TASK PROMPT –
Below are entries; work out how many of their lines hold "Home", giving only that number.
── PROVIDED INFORMATION ──
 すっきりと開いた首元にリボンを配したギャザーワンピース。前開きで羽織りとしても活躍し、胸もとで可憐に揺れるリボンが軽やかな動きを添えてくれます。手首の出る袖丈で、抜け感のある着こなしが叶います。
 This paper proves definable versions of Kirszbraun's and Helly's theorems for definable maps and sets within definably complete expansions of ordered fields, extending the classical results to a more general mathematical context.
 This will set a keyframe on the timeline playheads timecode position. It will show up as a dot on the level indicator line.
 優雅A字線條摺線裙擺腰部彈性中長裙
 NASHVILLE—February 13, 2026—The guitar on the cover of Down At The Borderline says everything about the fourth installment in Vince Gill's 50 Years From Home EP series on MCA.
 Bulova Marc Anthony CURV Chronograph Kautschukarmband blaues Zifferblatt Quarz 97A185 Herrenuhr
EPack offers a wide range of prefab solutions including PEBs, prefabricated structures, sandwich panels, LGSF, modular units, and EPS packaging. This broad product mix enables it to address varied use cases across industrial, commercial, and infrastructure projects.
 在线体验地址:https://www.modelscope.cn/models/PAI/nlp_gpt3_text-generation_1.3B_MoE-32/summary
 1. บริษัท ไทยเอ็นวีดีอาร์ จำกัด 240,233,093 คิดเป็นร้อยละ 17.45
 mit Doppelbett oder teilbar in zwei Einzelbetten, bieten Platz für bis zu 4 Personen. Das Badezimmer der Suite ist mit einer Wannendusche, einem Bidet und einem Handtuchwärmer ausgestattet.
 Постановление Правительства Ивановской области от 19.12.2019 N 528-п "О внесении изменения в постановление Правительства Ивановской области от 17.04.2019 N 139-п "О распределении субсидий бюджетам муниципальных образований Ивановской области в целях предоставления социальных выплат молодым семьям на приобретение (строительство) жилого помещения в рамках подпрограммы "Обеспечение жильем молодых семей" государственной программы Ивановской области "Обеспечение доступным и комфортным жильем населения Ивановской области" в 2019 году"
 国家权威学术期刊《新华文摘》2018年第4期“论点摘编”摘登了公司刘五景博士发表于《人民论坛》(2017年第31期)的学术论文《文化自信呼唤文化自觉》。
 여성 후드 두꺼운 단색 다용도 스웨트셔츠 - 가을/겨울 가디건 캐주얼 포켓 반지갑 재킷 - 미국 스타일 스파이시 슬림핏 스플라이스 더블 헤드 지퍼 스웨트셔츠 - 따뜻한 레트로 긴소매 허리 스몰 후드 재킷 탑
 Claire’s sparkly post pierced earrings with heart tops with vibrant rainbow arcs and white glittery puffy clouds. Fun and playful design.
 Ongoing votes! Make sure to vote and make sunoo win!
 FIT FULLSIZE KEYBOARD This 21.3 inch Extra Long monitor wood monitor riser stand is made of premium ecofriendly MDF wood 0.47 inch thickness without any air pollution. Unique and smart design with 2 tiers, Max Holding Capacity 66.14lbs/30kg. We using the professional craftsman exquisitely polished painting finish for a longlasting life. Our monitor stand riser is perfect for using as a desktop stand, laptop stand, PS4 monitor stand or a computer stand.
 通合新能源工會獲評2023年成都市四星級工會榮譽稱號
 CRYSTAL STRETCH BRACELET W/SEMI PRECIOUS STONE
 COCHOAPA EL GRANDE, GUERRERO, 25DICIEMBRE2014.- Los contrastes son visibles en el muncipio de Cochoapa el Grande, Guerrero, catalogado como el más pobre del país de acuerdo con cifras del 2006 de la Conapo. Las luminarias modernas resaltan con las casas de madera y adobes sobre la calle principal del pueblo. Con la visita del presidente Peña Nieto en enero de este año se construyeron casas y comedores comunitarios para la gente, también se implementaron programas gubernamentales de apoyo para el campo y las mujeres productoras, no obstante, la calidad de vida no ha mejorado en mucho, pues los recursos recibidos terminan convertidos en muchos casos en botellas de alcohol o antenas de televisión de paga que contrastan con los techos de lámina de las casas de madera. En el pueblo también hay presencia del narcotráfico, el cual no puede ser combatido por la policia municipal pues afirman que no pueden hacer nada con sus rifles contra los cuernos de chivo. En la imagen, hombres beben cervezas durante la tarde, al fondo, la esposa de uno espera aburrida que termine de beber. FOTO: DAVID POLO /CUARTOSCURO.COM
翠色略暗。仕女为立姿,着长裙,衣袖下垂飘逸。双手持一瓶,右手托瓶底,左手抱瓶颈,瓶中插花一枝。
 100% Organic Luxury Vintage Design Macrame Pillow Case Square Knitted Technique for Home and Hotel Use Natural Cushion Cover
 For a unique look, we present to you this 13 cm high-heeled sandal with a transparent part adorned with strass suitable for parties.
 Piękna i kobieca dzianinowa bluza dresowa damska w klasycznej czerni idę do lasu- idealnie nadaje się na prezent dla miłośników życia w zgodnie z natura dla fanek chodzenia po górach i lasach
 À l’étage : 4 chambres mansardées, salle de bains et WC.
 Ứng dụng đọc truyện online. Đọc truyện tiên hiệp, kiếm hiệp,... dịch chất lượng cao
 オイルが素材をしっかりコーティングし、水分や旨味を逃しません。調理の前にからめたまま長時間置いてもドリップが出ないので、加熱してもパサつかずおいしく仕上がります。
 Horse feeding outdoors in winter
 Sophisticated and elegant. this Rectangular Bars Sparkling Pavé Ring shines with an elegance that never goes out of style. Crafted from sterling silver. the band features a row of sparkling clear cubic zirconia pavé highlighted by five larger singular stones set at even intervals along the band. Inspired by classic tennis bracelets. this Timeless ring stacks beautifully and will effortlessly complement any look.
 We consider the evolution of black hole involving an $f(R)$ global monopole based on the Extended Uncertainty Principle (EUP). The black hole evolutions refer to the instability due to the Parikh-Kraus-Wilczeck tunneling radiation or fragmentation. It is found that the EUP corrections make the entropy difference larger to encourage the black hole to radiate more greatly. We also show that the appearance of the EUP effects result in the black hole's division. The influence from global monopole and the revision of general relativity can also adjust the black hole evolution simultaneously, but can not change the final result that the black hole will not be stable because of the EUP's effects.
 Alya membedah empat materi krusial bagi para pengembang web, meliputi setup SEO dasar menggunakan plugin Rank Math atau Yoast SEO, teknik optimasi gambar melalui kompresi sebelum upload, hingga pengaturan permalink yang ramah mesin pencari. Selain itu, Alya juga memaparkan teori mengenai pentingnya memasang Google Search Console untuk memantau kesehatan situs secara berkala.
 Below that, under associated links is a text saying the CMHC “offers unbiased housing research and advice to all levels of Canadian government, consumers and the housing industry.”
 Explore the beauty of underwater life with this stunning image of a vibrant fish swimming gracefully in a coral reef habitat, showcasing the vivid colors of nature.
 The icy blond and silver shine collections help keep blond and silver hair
───
FINISHED TASK –
2